THE former long-serving Westpac financial director, Pat Handley, is set to emerge as executive chairman of $400 million wealth management house Mason Stevens.
The move follows a return to wealth management for Mr Handley after the launch last year of 2020 Funds Management with former top Commonwealth Bank markets executive Vincent Hua.
Mr Handley will fold his 2020 group into wealth management house Mason Stevens. The merged entity will target the cashed-up self-managed super funds sector as well as independent financial planners.
"People in the self-managed space start out saying 'I'd like to do it myself'," Mr Handley said yesterday. "They later realise it's tough and they start to need some help. Actually, they need someone with a little more than advice, they need a plan.
"We carry them through the life cycle of what they have."
Self-managed super investors can access the Mason Stevens wealth platform to run their investments in shares and fixed income as part of a managed account.

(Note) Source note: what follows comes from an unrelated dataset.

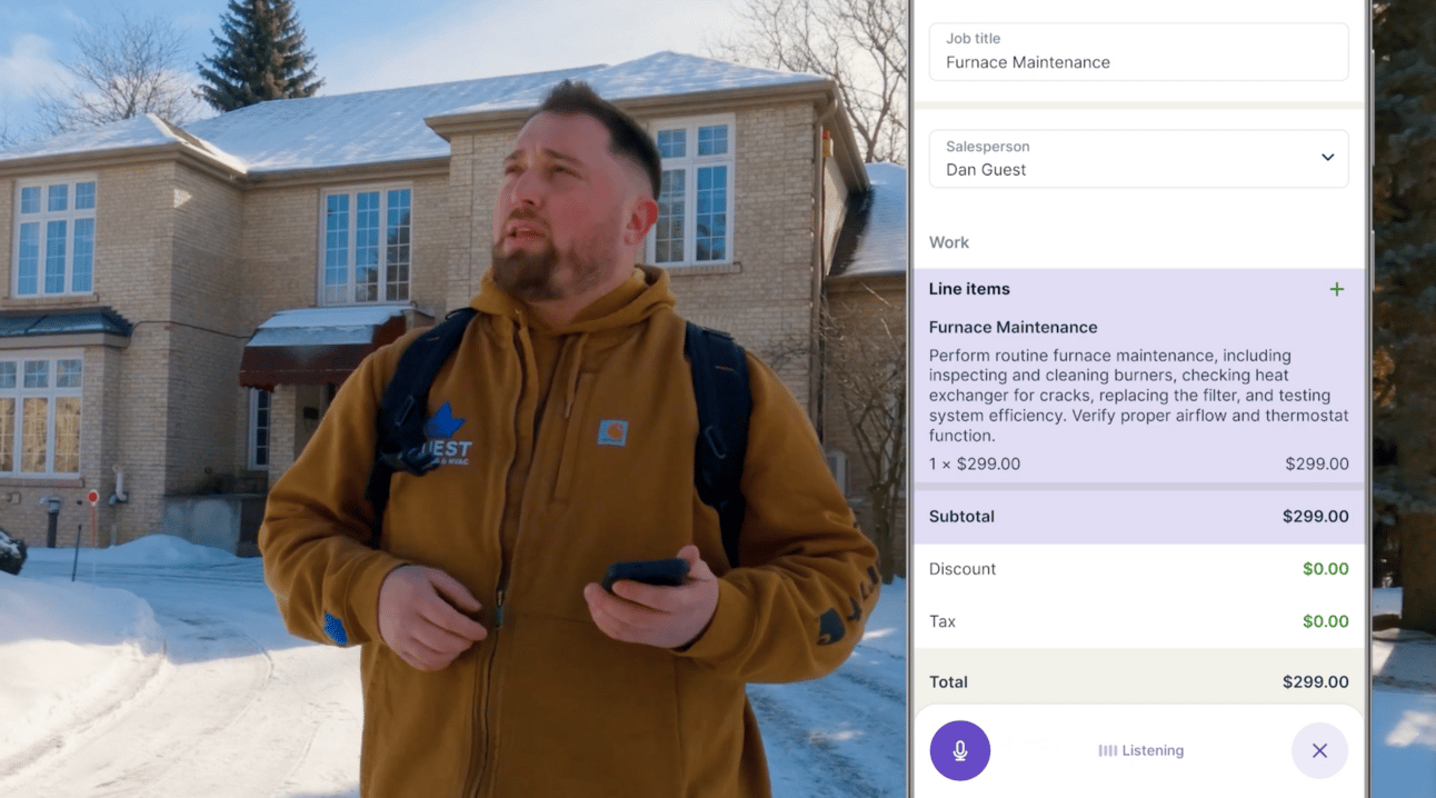 One notable example is the implementation of Voice AI for on-the-ground field service workers. In this 53-second-long video below, Dan illustrates the power of Voice AI in improving operational efficiency for its users. The opportunity to allow users to organize and provide input to the job while they are working and driving between sites, allows for massive productivity gains.

This allows super fund investors to own the underlying asset directly rather than unit prices of fund.
Like large wholesale super funds, this gives investors direct access to trading strategies across asset classes that are not normally available to retail investors. This includes government, semi-government and corporate bonds as well as commodities.
Figures released this week show that about $408 billion is held in self-managed superannuation accounts, which make up a third of the total superannuation pool.
In the early 1990s, Mr Handley was brought in to Westpac as finance director along with Bob Joss as part of the team to turn the bank around following its near-death financial loss.
Before joining Westpac he was the finance director of Bank One in Chicago, a lender that was ultimately folded into JP Morgan.
Mason Stevens' managing director, Thomas Bignill, will take up the role of chief executive of the merged entity.
Mr Hua will become chief investment officer.